- Material provided:
########
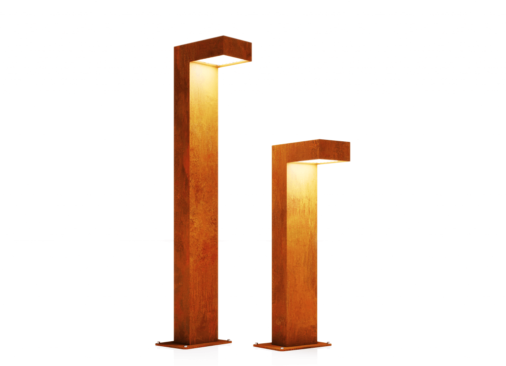 Látványosan robusztus, modern Corten acél lámpatest – ELIS. Minimalista, mégis játékos; egyszerű, mégis figyelemfelkeltő, geometrikus formáival időtálló designt és kivételes minőséget képvisel. Az Elis lámpa széles körben alkalmazható: ösvények, autóbeállók, teraszok és egyéb kültéri terek megvilágítására.
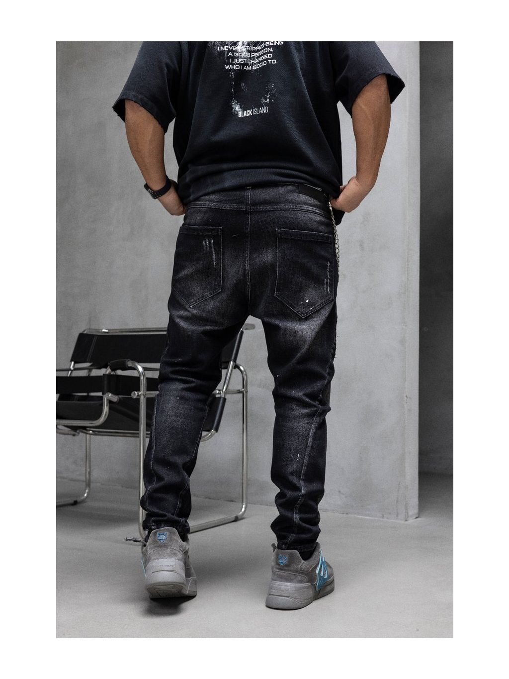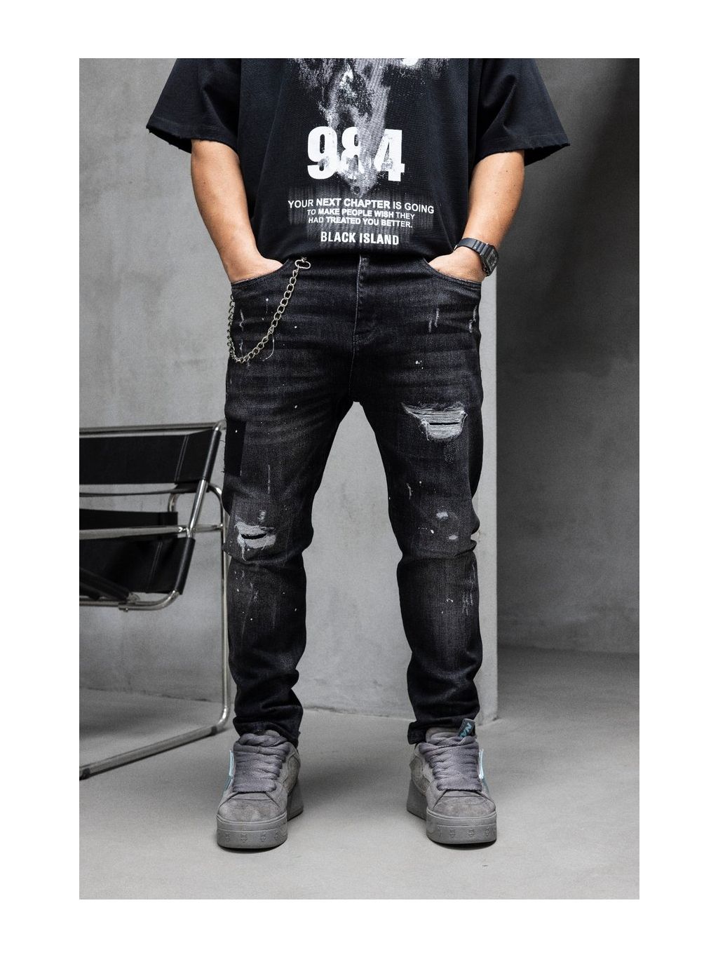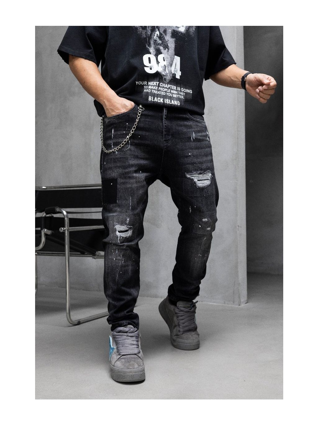 Čierne tapered fit rifle s opraním, trhanými detailmi a retiazkou pre výrazný streetwear štýl.
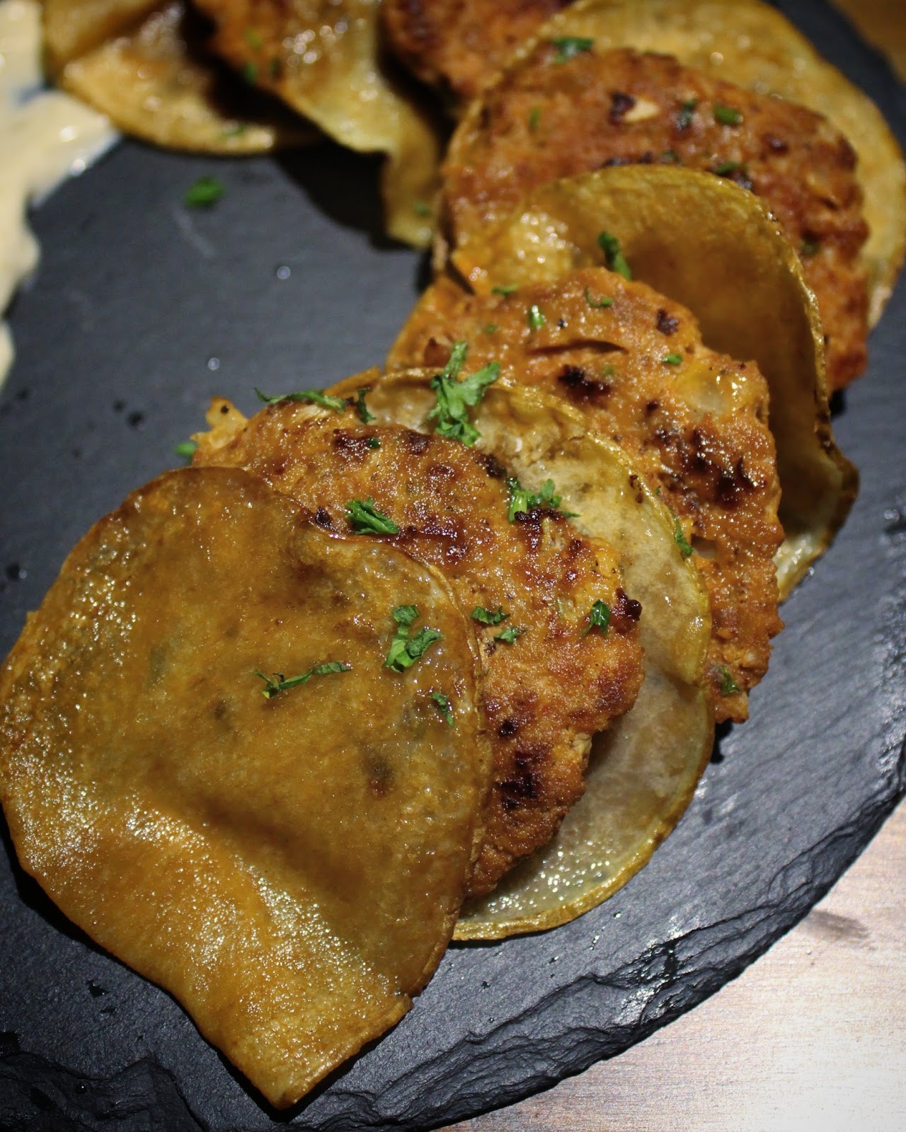 These were served with thin potato crispy and thecha mayo.
########
- Aim of the task: Write out the listing above in full, word for word, with no pictures.

- Your solution:
 Látványosan robusztus, modern Corten acél lámpatest – ELIS. Minimalista, mégis játékos; egyszerű, mégis figyelemfelkeltő, geometrikus formáival időtálló designt és kivételes minőséget képvisel. Az Elis lámpa széles körben alkalmazható: ösvények, autóbeállók, teraszok és egyéb kültéri terek megvilágítására.
 Čierne tapered fit rifle s opraním, trhanými detailmi a retiazkou pre výrazný streetwear štýl.
 These were served with thin potato crispy and thecha mayo.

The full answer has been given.